Delilah is gorgeous (in my opinion). She has "eyeliner" around her eyes and a very dark nose. All which allow her to have great facial features.

I'm sure your baby is gorgeous.


----------



## jcasks (Oct 14, 2007)

Welcome to the forum and PLEASE post pics!!


----------



## Celeigh (Nov 29, 2007)

Yup! Ferugs has a gray belly too. Sometimes it looks darker than others. He must be part chameleon!


----------



## Lisa_and_Willow. (Dec 18, 2007)

Willow's belly was very dark when I got her but it has lightened over the weeks. More of a pinky-gray now.


----------



## paula bedard (Feb 5, 2008)

Welcome to the forum. It is sooo much info, fun, and friends rolled into one! My baby has a black belly too. Another member said she called her babies born with black bellies, blueberries. Cute! My first had pink skin and dark hair. Ike has black skin and lighter hair.


----------



## Lady Kennedy (Dec 29, 2014)

I was worried about the same thing.
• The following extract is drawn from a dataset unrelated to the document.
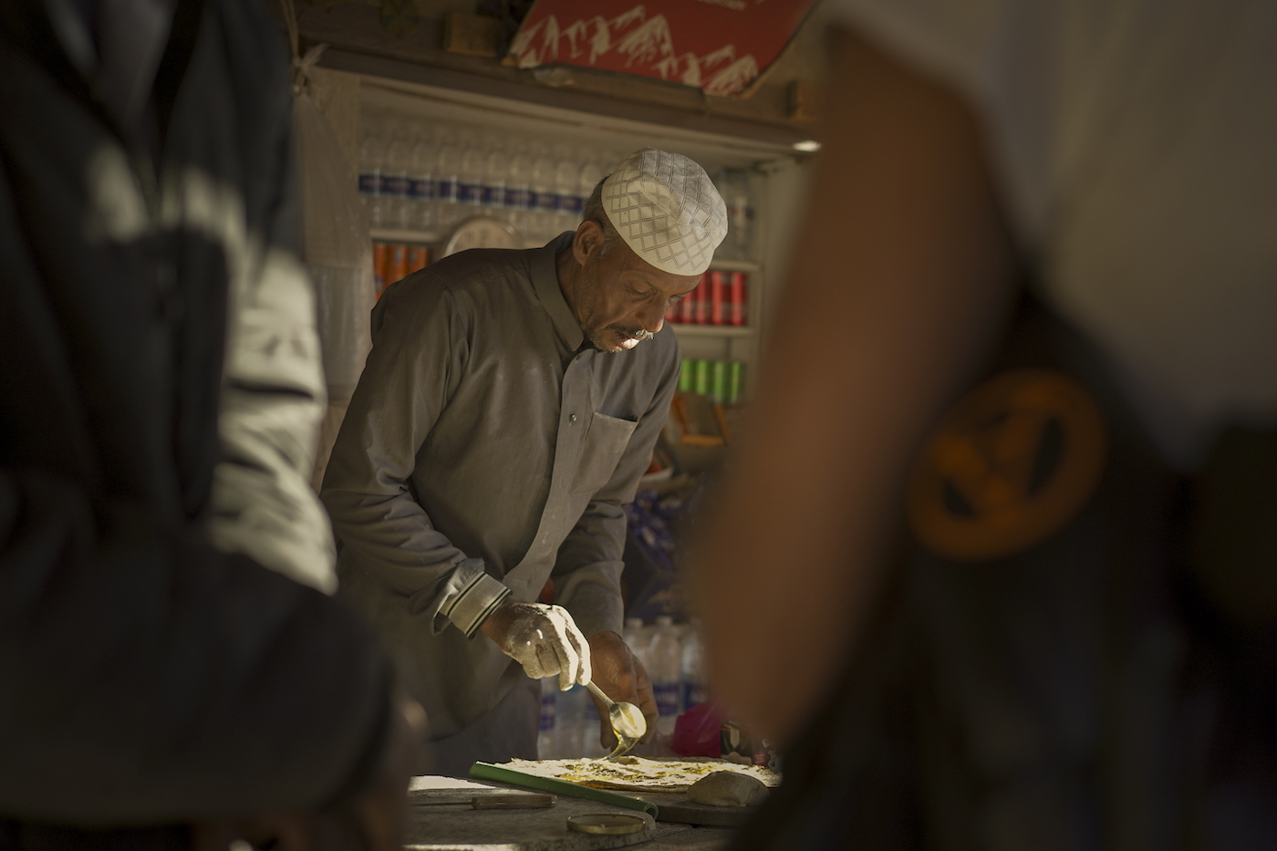 Beduino bat, ezti eta gazta krepeak prestatzen turista talde bati. (Miguel Fernandez Ibañez)

But I'm flad I found this forum. So helpful for me and my new pup?


----------



## lhowemt (Jun 28, 2013)

Pearly has a black belly and the entire inside of her mouth is black too. Her nose is jet black and no signs of fading yet. Pearl and Betty both have pink bellies and pinker inside of mouths.


----------



## Holly's Mum (Oct 4, 2014)

Holly had a very dark belly as a pup, it gradually lightened to a regular pink colour. Congrats on the new addition!


----------



## bioteach (Nov 13, 2010)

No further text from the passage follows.